Neuroscience researchers from Tufts identify potential target for drug therapy for wide range of disorders associated with stress
Neuroscience researchers from Tufts have demonstrated, for the first time, that the physiological response to stress depends on neurosteroids acting on specific receptors in the brain, and they have been able to block that response in mice. This breakthrough suggests that these critical receptors may be drug therapy targets for control of the stress-response pathway. This finding may pave the way for new approaches to manage a wide range of neurological disorders involving stress.
The stress-control pathway, more technically known as the Hypothalamus-Pituitary-Adrenal (HPA) axis, determines the levels of cortisol and other stress hormones in the human body. In addition to being implicated in the types of emotional and psychological stress that can lead to major depression, disorders of the stress-control pathway are also associated with obesity, premenstrual syndrome, postpartum depression, Cushing’s syndrome (hypercortisolism) and diseases including epilepsy and osteoporosis.
“We have identified a novel mechanism regulating the body’s response to stress by determining that neurosteroids are required to mount the physiological response to stress. Moreover, we were able to completely block the physiological response to stress as well as prevent stress-induced anxiety,” said author Jamie Maguire, PhD, assistant professor in the department of neuroscience at Tufts University School of Medicine and a member of the Neuroscience and Pharmacology & Experimental Therapeutics program faculties at the Sackler School of Graduate Biomedical Sciences at Tufts.
Using the brain tissues of adult mice, the research team identified mechanisms controlling the activity of Corticotrophin Releasing Hormone (CRH) neurons involved in the control of the stress pathway. By monitoring the activity of CRH neurons following stress and measuring levels of corticosterone in the blood, they found that the production of stress hormones required the action of neurosteroids on specific receptors on CRH neurons.
Apart from the finding that stress causes a neurosteroid-induced increase in blood corticosterone levels, the researchers also found that blocking the synthesis of neurosteroids is sufficient to block the stress-induced elevations in corticosterone and prevent stress-induced, anxiety-like behavior in mice.
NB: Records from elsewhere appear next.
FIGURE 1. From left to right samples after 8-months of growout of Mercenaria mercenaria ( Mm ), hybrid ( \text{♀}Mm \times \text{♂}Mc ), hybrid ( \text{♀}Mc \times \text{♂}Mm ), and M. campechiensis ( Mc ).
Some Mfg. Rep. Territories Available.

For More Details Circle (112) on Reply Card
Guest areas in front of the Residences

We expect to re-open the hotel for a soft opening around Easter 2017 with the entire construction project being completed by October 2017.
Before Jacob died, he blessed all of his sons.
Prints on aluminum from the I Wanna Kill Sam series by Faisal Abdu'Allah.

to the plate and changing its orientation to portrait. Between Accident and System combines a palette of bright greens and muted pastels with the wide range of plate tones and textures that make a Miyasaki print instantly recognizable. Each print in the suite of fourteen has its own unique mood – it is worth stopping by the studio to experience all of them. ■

Previous research had identified the presence of specialized CRH-nerve-cell receptors in the HPA axis, but the findings had been controversial because of limited studies showing any connection between these receptors and the regulation of the CRH nerve cells.
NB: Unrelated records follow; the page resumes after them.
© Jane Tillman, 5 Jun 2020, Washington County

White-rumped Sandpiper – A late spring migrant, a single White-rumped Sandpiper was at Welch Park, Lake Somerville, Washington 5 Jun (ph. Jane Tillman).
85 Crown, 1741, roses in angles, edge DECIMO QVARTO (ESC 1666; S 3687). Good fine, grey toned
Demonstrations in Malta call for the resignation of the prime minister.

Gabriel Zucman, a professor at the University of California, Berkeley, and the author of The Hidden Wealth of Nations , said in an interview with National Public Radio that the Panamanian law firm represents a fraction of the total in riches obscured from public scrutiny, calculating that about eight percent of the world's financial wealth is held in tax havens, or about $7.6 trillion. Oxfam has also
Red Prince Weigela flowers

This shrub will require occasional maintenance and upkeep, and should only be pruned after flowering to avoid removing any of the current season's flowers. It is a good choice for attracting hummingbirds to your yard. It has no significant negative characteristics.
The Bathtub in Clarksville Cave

“We have found a definite role of neurosteroids on the receptors regulating CRH nerve cells and the stress response. The data suggest that these receptors may be novel targets for control of the stress-control pathway. Our next work will focus on modulating these receptors to treat disorders associated with stress, including epilepsy and depression-like behaviors,” said Maguire.
Notes about this neuroscience research article
The first author on the study is Jhimly Sarkar, PhD, formerly a postdoctoral associate in the neuroscience department at TUSM. Additional authors are Seth Wakefield, BS, a neuroscience graduate student at the Sackler School; Georgina MacKenzie, PhD, a postdoctoral associate in neuroscience at TUSM; and Stephen Moss, PhD, professor of neuroscience at TUSM and a member of the neuroscience program faculty at the Sackler School.
This study was supported by grants from the American Federation for Aging Research and the National Institute of Neurological Disorders and Stroke (NINDS), part of the National Institutes of Health.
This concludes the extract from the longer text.